Every hair on his body stood on end. Max’s voice was higher than his, more classically trained, but it worked well alongside Ben’s husky rock-tones. Especially when their duet belted out around the empty theatre, and the two men entangled themselves in a dance that near broke Seb’s heart. They got it. They understood. And as the scene ended with them collapsed onto a makeshift bed in the middle of the stage, Seb had to c
hoke back a cathartic tear so as not to be called out in the succeeding silence.
Sylvia clapped first, followed by Noah and Martin who stood for the ovation. Seb was frozen. That scene had done what it had meant to. It had paused him. He was back there. That time. That moment. That heart wrenching goodbye.
God, I’d been an idiot.
“Well,” he finally croaked out. “If you do that on opening night and there’s a dry eye in this house, then I declare them all robots.” He shrugged. “Or Daily Mail press.”

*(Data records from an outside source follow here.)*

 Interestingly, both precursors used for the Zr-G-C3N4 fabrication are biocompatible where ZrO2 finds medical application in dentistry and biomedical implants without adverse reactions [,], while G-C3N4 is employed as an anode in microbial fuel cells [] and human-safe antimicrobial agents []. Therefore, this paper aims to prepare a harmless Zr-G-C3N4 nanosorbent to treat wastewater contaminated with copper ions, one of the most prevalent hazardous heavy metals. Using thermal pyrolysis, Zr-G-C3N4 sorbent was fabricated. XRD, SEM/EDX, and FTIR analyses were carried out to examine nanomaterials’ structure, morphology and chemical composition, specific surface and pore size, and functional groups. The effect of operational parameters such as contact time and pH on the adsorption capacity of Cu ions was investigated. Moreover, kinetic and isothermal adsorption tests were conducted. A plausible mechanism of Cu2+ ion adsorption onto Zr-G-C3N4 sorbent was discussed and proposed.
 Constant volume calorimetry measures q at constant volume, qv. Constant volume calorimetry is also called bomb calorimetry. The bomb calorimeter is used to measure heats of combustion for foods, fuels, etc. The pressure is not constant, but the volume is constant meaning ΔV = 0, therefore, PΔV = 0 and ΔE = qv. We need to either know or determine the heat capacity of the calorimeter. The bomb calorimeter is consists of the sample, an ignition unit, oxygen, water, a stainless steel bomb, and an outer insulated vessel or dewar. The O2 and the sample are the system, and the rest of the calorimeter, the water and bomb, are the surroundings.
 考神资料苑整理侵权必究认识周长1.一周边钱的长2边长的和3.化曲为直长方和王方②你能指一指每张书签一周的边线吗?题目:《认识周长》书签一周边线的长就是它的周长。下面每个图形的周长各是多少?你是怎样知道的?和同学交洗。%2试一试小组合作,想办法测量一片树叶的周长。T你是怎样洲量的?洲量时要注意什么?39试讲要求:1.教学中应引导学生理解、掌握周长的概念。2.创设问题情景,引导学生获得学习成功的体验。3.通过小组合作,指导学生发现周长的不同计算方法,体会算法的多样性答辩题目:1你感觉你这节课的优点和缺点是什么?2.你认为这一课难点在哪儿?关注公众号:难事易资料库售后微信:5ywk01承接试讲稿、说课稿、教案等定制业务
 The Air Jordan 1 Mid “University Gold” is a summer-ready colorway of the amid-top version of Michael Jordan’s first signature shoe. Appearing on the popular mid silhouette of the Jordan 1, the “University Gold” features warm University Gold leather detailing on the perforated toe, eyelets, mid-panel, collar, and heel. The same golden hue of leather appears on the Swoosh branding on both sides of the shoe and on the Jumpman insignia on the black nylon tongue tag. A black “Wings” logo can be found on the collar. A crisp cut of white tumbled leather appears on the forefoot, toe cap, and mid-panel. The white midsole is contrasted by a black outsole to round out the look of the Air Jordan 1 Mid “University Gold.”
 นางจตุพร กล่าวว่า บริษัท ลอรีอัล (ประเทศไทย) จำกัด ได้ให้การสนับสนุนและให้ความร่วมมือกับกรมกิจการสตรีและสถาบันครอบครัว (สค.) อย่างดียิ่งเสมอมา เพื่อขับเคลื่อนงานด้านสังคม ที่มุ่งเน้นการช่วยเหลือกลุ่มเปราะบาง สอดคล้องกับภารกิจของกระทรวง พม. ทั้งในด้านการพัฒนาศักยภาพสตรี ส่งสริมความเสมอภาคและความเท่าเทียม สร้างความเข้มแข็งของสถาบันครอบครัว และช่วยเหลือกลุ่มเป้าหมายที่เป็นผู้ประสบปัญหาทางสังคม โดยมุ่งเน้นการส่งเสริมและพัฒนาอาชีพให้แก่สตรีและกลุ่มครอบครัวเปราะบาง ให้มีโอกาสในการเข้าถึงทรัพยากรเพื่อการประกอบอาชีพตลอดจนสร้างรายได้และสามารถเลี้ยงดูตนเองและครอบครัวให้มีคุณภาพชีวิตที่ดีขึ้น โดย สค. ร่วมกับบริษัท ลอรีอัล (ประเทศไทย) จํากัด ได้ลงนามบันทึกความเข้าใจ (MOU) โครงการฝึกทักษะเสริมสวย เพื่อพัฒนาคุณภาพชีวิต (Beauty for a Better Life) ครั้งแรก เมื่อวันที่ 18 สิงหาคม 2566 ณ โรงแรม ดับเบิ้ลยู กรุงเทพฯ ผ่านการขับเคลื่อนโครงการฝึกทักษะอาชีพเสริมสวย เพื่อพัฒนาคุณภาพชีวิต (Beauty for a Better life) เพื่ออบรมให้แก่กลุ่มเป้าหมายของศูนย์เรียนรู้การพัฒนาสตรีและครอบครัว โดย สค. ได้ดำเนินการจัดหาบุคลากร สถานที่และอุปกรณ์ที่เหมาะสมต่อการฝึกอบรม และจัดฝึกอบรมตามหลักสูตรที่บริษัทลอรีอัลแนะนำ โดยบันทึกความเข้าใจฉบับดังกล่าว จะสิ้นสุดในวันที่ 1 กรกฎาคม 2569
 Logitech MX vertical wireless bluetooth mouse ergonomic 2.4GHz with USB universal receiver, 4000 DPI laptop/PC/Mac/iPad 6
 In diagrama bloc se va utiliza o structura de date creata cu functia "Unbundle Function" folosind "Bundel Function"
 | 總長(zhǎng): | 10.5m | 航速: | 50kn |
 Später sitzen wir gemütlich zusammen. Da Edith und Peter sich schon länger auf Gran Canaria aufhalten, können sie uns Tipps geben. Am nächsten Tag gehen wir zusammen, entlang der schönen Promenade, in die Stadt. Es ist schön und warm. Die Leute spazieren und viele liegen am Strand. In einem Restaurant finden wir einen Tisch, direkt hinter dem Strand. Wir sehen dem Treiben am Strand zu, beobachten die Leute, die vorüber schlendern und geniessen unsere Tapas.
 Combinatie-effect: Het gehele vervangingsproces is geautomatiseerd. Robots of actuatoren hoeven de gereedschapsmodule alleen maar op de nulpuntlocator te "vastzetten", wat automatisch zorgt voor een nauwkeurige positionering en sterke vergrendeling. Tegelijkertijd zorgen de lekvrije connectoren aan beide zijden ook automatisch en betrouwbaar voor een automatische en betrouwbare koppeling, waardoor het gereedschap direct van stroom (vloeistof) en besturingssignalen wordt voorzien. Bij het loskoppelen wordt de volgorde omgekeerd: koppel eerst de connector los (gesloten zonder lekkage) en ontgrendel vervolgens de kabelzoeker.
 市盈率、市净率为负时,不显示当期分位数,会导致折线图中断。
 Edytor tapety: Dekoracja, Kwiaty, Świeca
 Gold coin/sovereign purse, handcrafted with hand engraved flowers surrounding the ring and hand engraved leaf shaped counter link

Ben clambered off the bed and hauled Max up by his arm. They beamed their pride and gratitude down to the front row. And that, there, caused a painful lump in Seb’s throat. That scene. That moment. That had been the start of something quite…spectacular.
The start of somethin’ else.
Stage lights switched off, musical instruments clanged, and crew shuffled out from their hidey holes around the theatre, declaring an end to the day’s final rehearsal. Good job, as Seb’s back pocket rang. He shuffled out from the front row and dug out his mobile.
“Champ,” he answered with a painful grin.
“How’d it go?” Jay asked.
“It was…” Seb glanced up to the two actors, heads together, as they made their way backstage to the dressing rooms. “Doable.”
“Good. How long you gonna be?”
“Why?” Seb followed the others up the aisle, through the red velvet curtain and to the steps leading to the main foyer.
“Mum’s called an emergency meetin’.”
“About?” Seb waved at a few stagehands and the other various staff as they clambered out of the wings. He mouthed at them that he expected a bright and early one tomorrow. They all ignored him. Bastards.
“Check your news app. Court Yard. Asap.” Jay clicked off.
Noah bundled up behind him, two daughters held in each hand, and Martin joined, bashing the carry cot into Seb’s legs, baby within squealing his displeasure.